Transcribe only the lines in the data below falling between the line with "NWOT BT21 The" and the line with "Haut fille blanc", including those two lines, and leave out any picture.

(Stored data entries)
═══

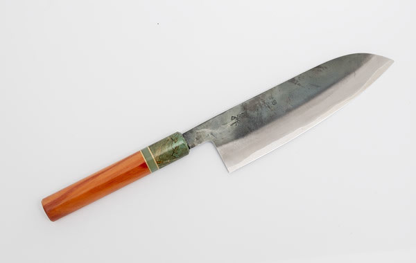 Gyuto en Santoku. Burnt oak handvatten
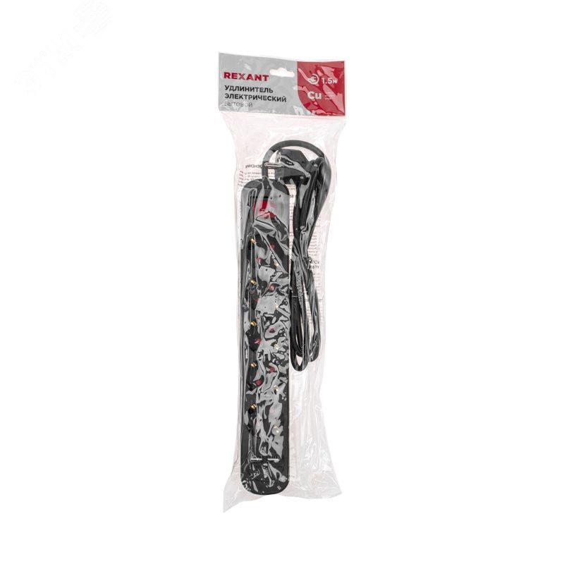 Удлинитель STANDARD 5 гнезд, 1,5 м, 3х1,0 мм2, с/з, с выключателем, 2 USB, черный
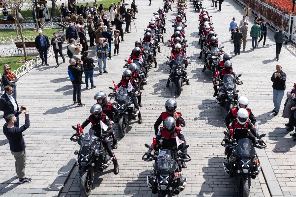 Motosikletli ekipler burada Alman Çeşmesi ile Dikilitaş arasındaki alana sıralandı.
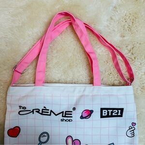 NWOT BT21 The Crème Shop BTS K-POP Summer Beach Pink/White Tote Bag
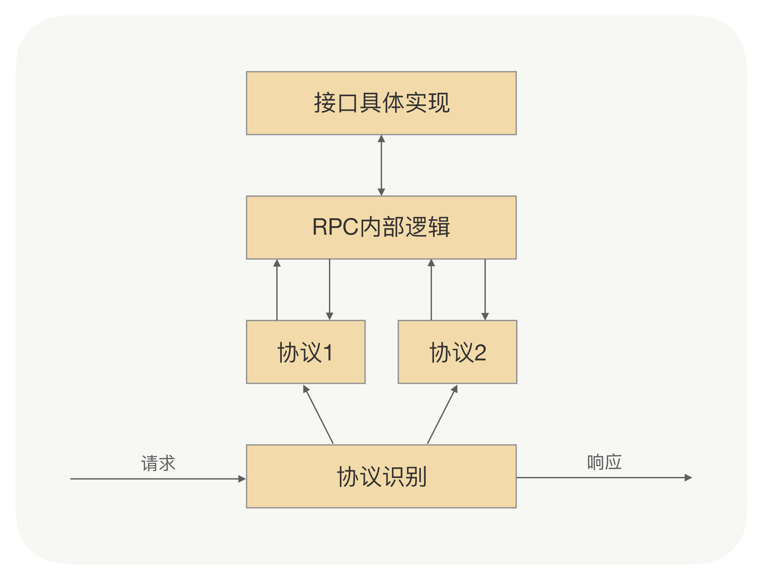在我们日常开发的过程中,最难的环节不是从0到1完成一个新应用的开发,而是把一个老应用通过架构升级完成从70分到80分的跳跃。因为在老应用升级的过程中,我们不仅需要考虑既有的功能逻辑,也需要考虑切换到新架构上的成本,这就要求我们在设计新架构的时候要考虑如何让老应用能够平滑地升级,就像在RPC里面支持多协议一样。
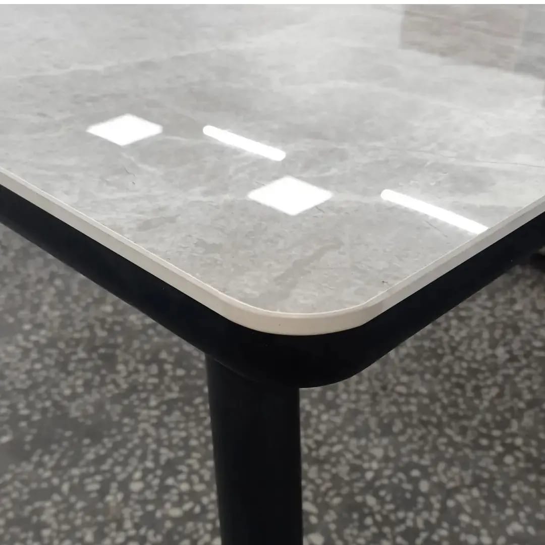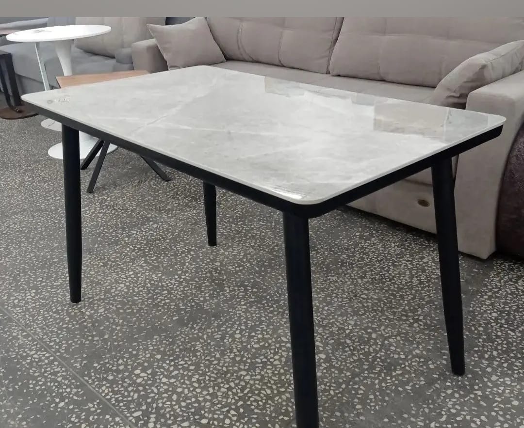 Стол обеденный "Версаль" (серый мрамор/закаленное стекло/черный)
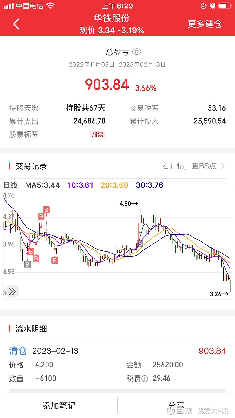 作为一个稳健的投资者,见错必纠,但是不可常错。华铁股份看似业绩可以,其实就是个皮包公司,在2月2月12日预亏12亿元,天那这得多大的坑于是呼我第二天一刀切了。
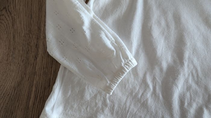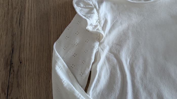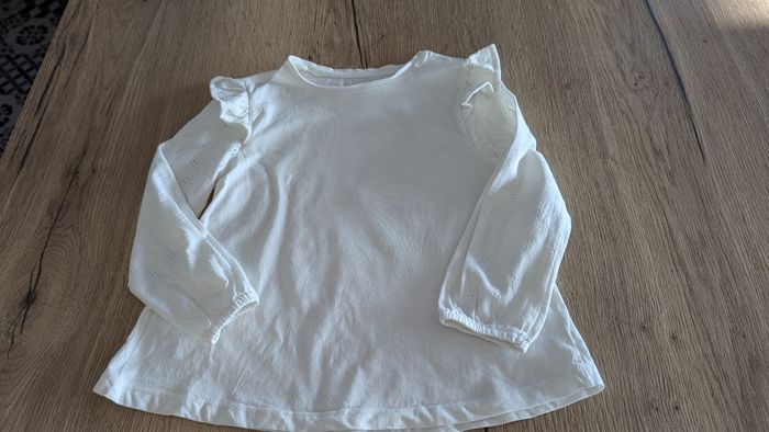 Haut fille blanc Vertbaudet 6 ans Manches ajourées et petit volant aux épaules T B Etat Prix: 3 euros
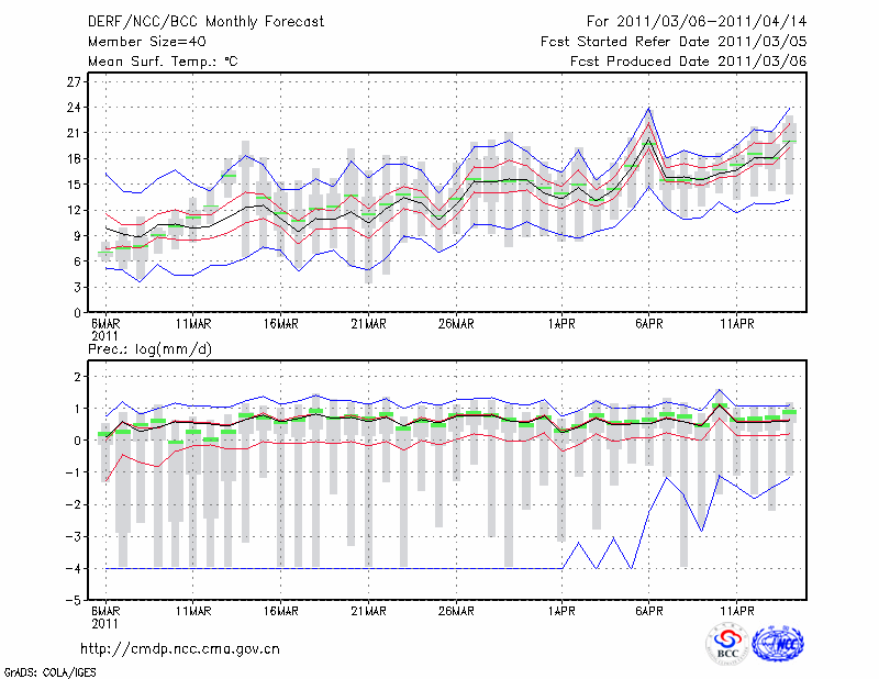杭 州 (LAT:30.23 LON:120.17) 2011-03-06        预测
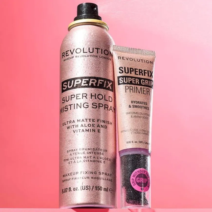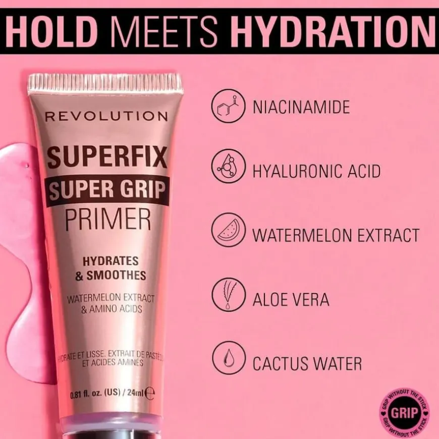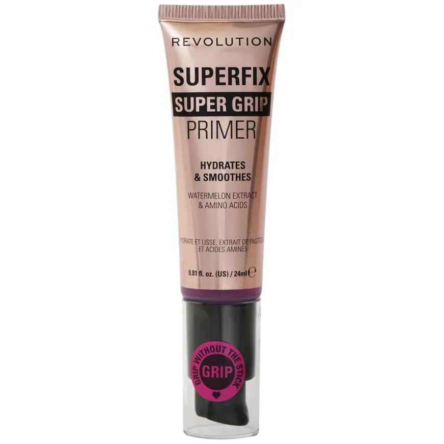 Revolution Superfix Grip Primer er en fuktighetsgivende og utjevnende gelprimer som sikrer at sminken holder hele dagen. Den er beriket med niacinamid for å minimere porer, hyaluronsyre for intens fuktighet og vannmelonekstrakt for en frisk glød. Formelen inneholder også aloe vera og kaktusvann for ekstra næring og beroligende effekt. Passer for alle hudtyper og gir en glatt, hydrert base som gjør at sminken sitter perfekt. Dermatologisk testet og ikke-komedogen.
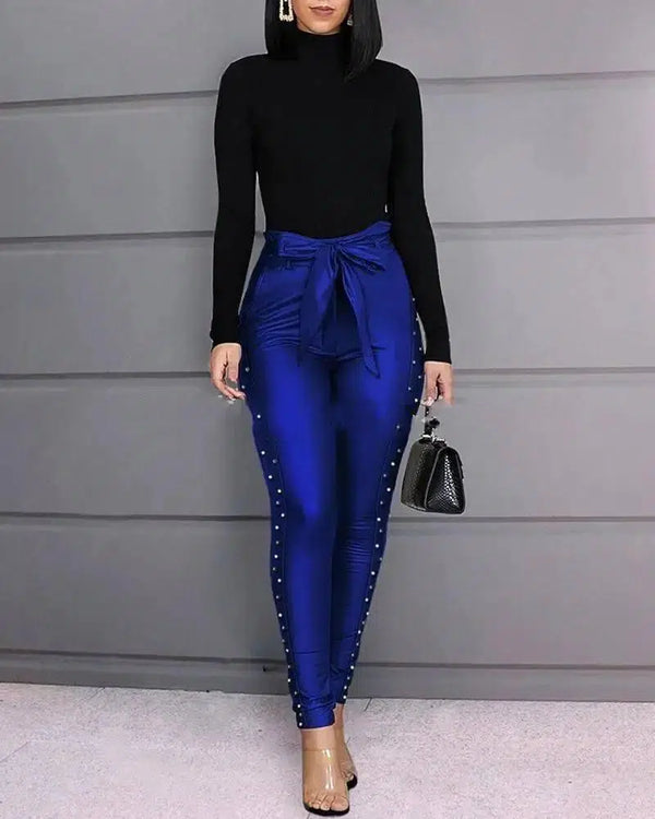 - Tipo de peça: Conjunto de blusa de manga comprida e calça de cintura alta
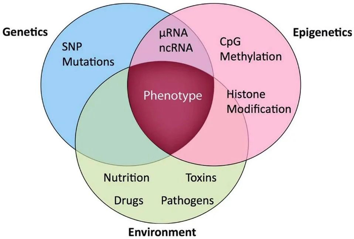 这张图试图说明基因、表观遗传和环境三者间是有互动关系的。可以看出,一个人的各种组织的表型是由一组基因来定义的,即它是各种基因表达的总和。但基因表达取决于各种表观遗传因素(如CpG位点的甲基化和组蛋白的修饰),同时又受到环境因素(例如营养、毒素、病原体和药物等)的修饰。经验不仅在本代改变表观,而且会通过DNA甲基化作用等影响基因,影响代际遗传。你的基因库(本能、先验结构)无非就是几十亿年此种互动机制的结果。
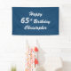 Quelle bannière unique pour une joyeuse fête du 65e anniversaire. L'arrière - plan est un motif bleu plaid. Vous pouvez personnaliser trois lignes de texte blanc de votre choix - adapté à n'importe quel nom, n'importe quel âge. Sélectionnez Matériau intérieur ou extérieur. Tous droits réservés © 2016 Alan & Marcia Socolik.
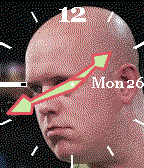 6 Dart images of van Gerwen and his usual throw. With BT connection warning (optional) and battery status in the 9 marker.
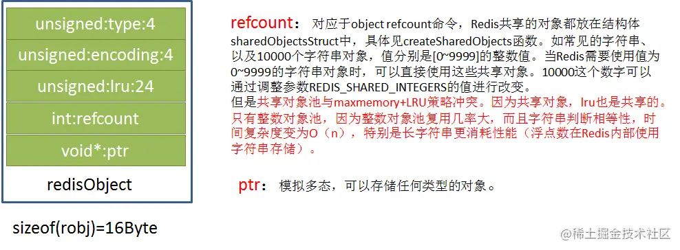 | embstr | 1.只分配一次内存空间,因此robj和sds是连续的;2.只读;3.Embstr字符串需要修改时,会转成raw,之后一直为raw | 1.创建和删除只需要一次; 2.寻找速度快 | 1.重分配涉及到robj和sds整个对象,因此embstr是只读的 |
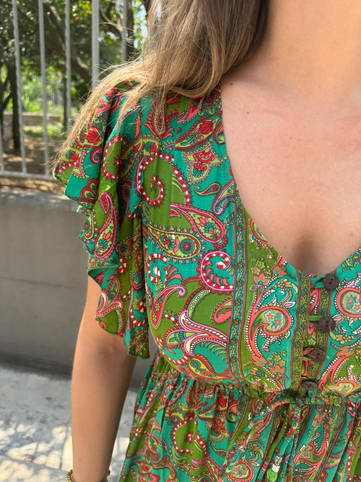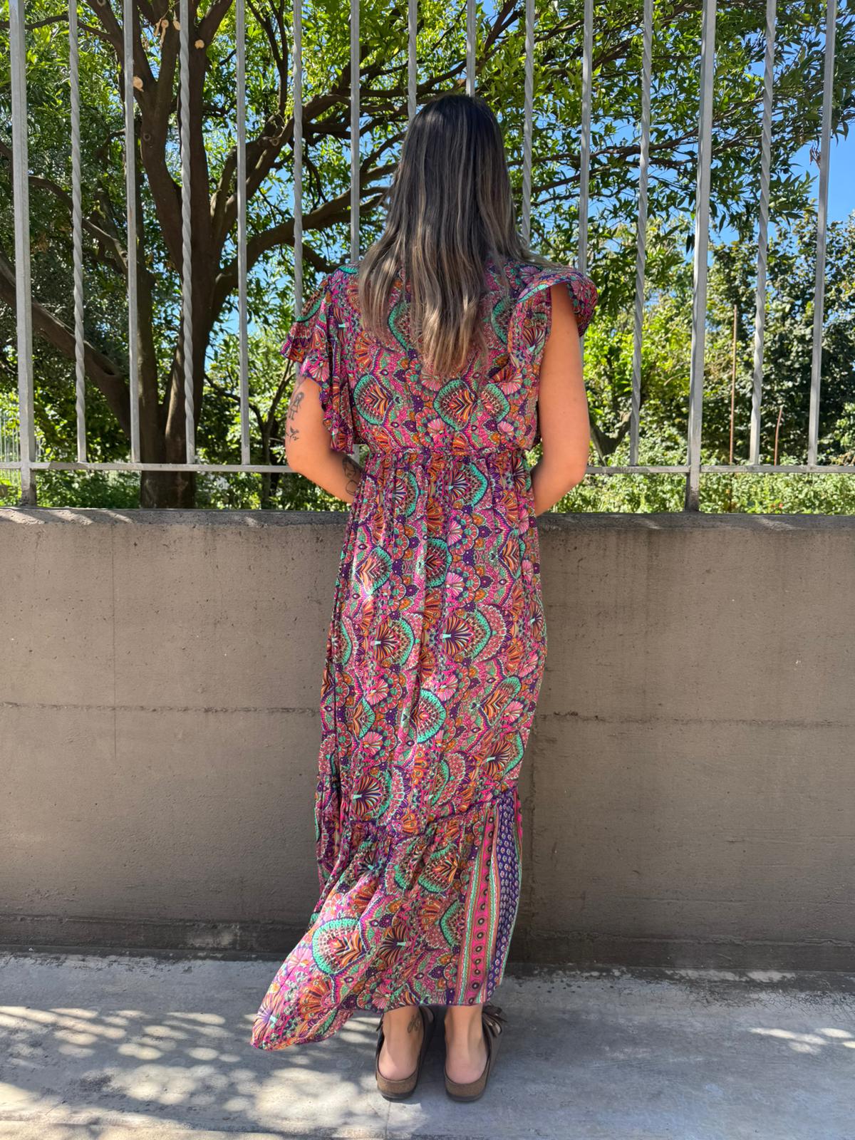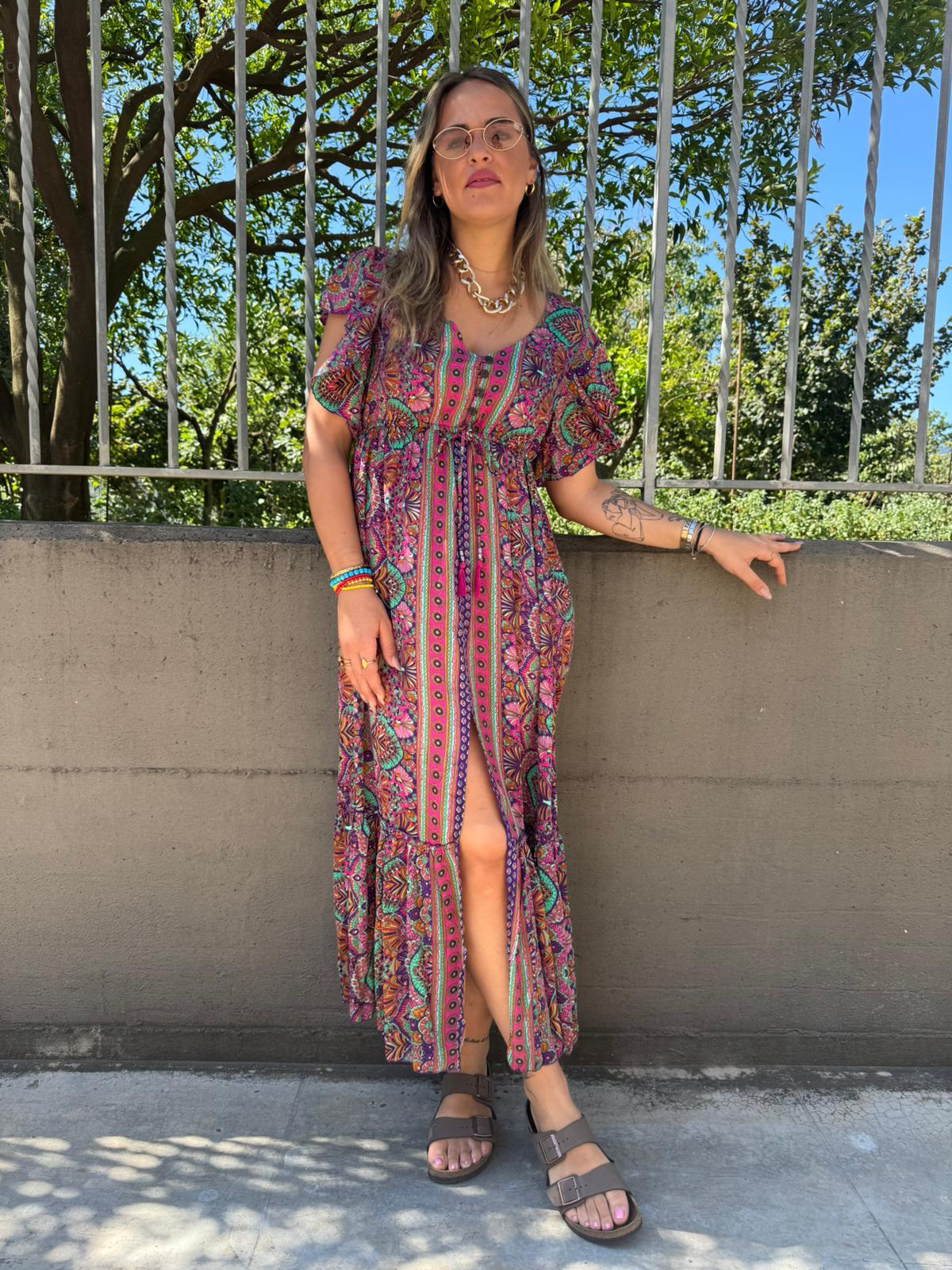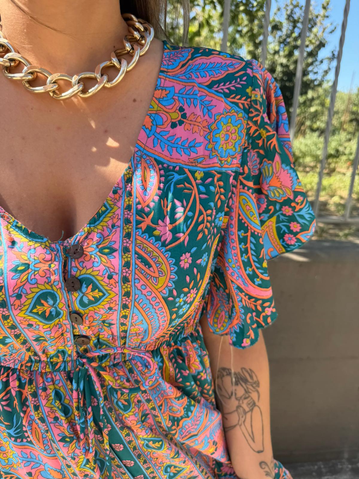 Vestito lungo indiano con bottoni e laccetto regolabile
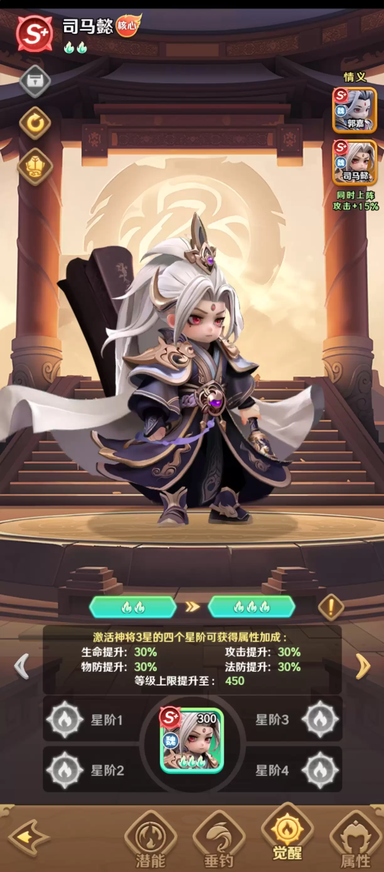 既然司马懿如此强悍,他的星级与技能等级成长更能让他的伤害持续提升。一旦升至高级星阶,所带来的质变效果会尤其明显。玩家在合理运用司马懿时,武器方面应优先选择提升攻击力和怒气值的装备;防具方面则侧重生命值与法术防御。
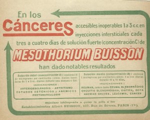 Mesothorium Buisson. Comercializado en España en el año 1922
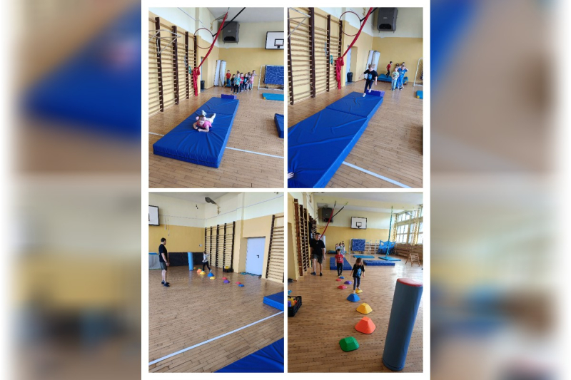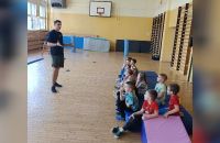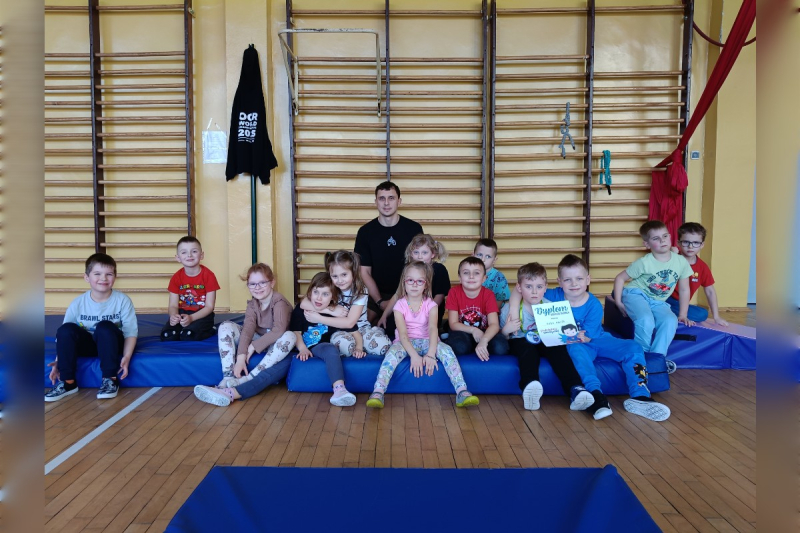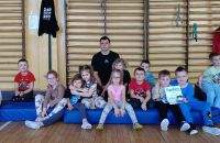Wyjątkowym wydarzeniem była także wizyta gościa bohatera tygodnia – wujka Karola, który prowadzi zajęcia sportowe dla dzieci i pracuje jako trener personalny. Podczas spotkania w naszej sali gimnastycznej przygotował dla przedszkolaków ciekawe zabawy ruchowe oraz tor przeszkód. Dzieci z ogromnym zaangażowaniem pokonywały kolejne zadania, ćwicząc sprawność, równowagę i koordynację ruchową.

═══

RESPONSE
 NWOT BT21 The Crème Shop BTS K-POP Summer Beach Pink/White Tote Bag
在我们日常开发的过程中,最难的环节不是从0到1完成一个新应用的开发,而是把一个老应用通过架构升级完成从70分到80分的跳跃。因为在老应用升级的过程中,我们不仅需要考虑既有的功能逻辑,也需要考虑切换到新架构上的成本,这就要求我们在设计新架构的时候要考虑如何让老应用能够平滑地升级,就像在RPC里面支持多协议一样。
 Стол обеденный "Версаль" (серый мрамор/закаленное стекло/черный)
 作为一个稳健的投资者,见错必纠,但是不可常错。华铁股份看似业绩可以,其实就是个皮包公司,在2月2月12日预亏12亿元,天那这得多大的坑于是呼我第二天一刀切了。
 Haut fille blanc Vertbaudet 6 ans Manches ajourées et petit volant aux épaules T B Etat Prix: 3 euros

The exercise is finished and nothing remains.